> [Prompt]:
Exclude the pictures and set down, unaltered, the lines from the one that holds "Via le soutien" through the end of the data.

> [Data for processing]:
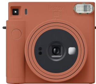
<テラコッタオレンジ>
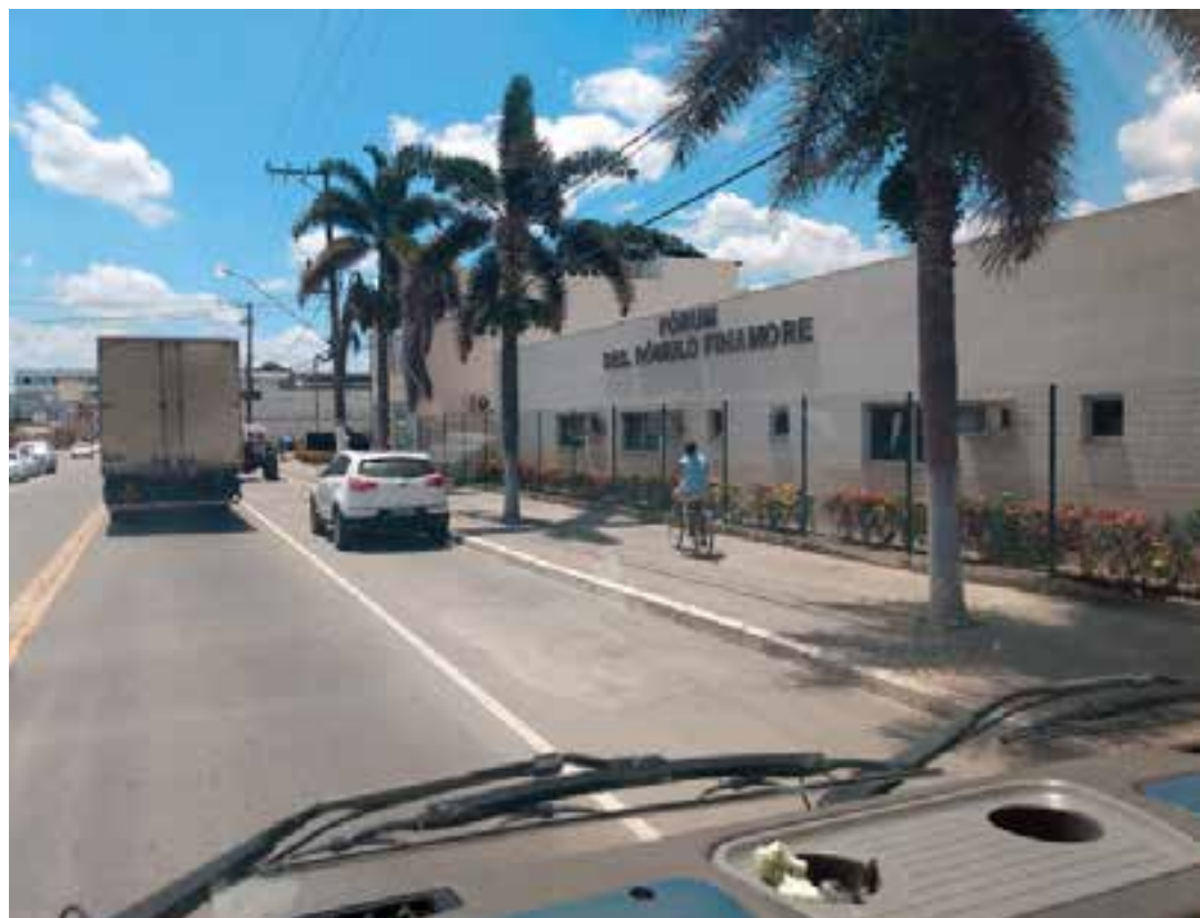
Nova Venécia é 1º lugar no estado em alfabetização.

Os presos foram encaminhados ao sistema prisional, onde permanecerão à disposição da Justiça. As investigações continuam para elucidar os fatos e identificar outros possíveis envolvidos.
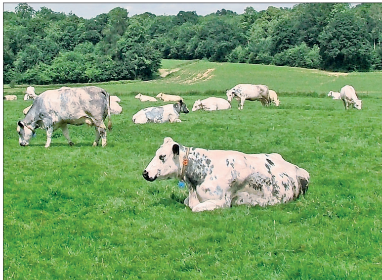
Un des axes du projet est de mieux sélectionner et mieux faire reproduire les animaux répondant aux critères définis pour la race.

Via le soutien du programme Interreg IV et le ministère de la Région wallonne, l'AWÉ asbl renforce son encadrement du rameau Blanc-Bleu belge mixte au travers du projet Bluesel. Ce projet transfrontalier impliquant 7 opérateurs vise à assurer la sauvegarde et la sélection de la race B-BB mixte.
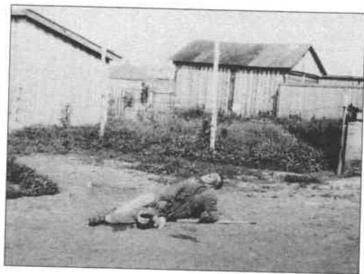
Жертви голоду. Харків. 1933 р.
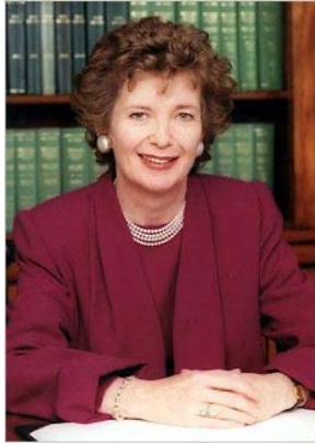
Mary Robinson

> [Solution to this task]:
Via le soutien du programme Interreg IV et le ministère de la Région wallonne, l'AWÉ asbl renforce son encadrement du rameau Blanc-Bleu belge mixte au travers du projet Bluesel. Ce projet transfrontalier impliquant 7 opérateurs vise à assurer la sauvegarde et la sélection de la race B-BB mixte.
Жертви голоду. Харків. 1933 р.
Mary Robinson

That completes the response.